Manhattan (1979) (R)












Oh, poor Woody Allen.
I hope that you could tell the sarcasm with which I wrote the previous sentence, but if not I'm going to assure you that it was most definitely present.
"Manhattan" is one of Woody Allen's crowning acheivement. Critics site it as one of his better, if not his best works. But "Manhattan" to me just seemed like a pity party for the director/screenwriter.
"Manhattan" was the next critically acclaimed Allen film to follow the only one of his films to win Best Picture, "Annie Hall". But the difference between these two movies is striking, much more so than the simple fact that "Manhattan" was filmed in black and white. "Annie Hall" was revolutionary, experimental, and vastly entertaining. "Manhattan" is twisted, not funny, and bleak.

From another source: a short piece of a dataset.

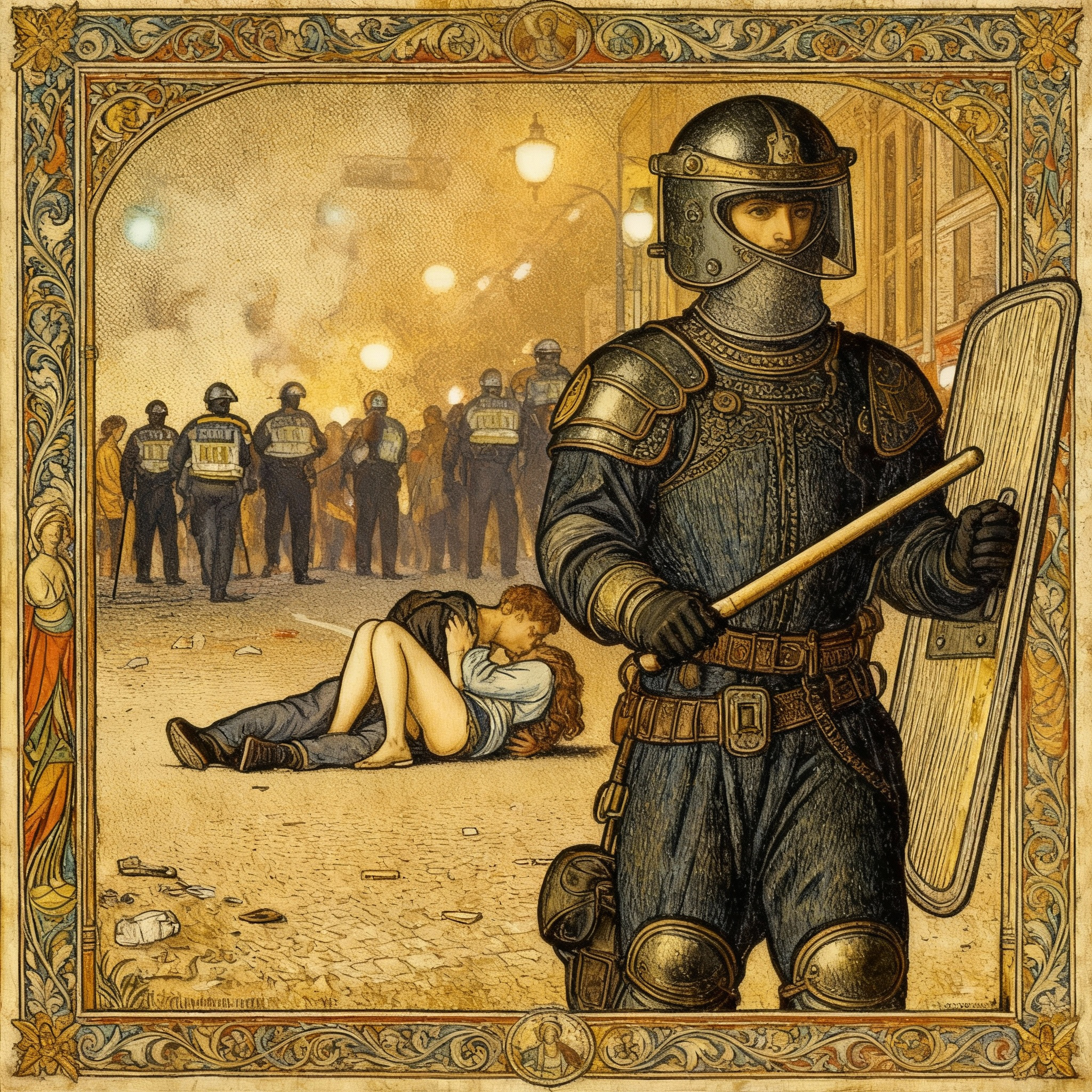 Пора бы уже наделать шедевров и из этой довольно известной фотографии 2011 года ("Canucks vs. Bruins final and Vancouver riots CREDIT: @WrongHeaded"):

Isaac (Woody Allen) is a comedy screenwriter. He's a self proclaiming neurotic who just happens to be in a relationship with a 17 year old girl named Tracy. Now Tracy is old beyond her years but no one can see that but the viewer. Just because of her youth, Isaac assumes that she can't comprehend what true love really is. He knows that the relationship will end eventually but she's hoping for much more. Even at her young age she's ready to settle down and start a healthy lifestyle with someone, and Isaac appears to be the best candidate. Isaac is trying to start writing a book and after realizing that the puff scripts that he's been pumping out don't really amount to much, he quits his job to focus solely on his book.
Then there's Isaac's best friend Yale. Yale's been married twelve years to his wife but he's having an affair with Mary (the usual Allen suspect, Diane Keaton). When Isaac first meets Mary he absolutely despises her. She contradicts everything he says and randomly remarks about her birthplace of Philadelphia, like that has any bering on the conversation.
But as time wears on and as situations come about in peculiar ways, Isaac starts to fall in love with Mary. He realizes that he's going to have to cut things off with Tracy so he does.
This all piles up, plus the fact that his ex-wife Jill (Meryl Streep), who left him for another woman, is writing a book about their marriage.
(From here on out, there are SPOILERS)
Isaac's relationship with Tracy seems to be a carbon copy of Allen's own relationships with Harlene Rosen, who was only sixteen when Allen married her.
Let's face it, it's hard to feel anything else than a little bit uncomfortable during the scenes in which Tracy and Isaac are passionately kissing and discussing their sexual encounters. Nothing explicit is shown but everything is heavily implied by dialogue in latter scenes.
So after Isaac dumps Tracy and Yale and Mary break it off, he feels free to start things up with Mary. But things don't go according to plans.
After many weeks of great passion and love, Mary decides that she's still in love with Yale and returns to him.
Isaac is left stunned, and realizes that the biggest mistake he ever made was leaving Tracy who he returns to just as she's leaving the country to study abroad. She leaves and we see Manhattan once more before the ending credits.
Rather than the usual quirk and kick that I get from Allen films, this one seemed way too much like an autobiography and a preachy one at that. It's clear that Allen was trying to justify all the things that he had done but it didn't entertain me. I felt bogged down by all the relationships and all the let downs.
For a comedy "Manhattan" has no laughs is rather depressing.
Rather than feel empathy for Isaac, I just wanted him to get his life together.
He never does and I came out of the movie disappointed.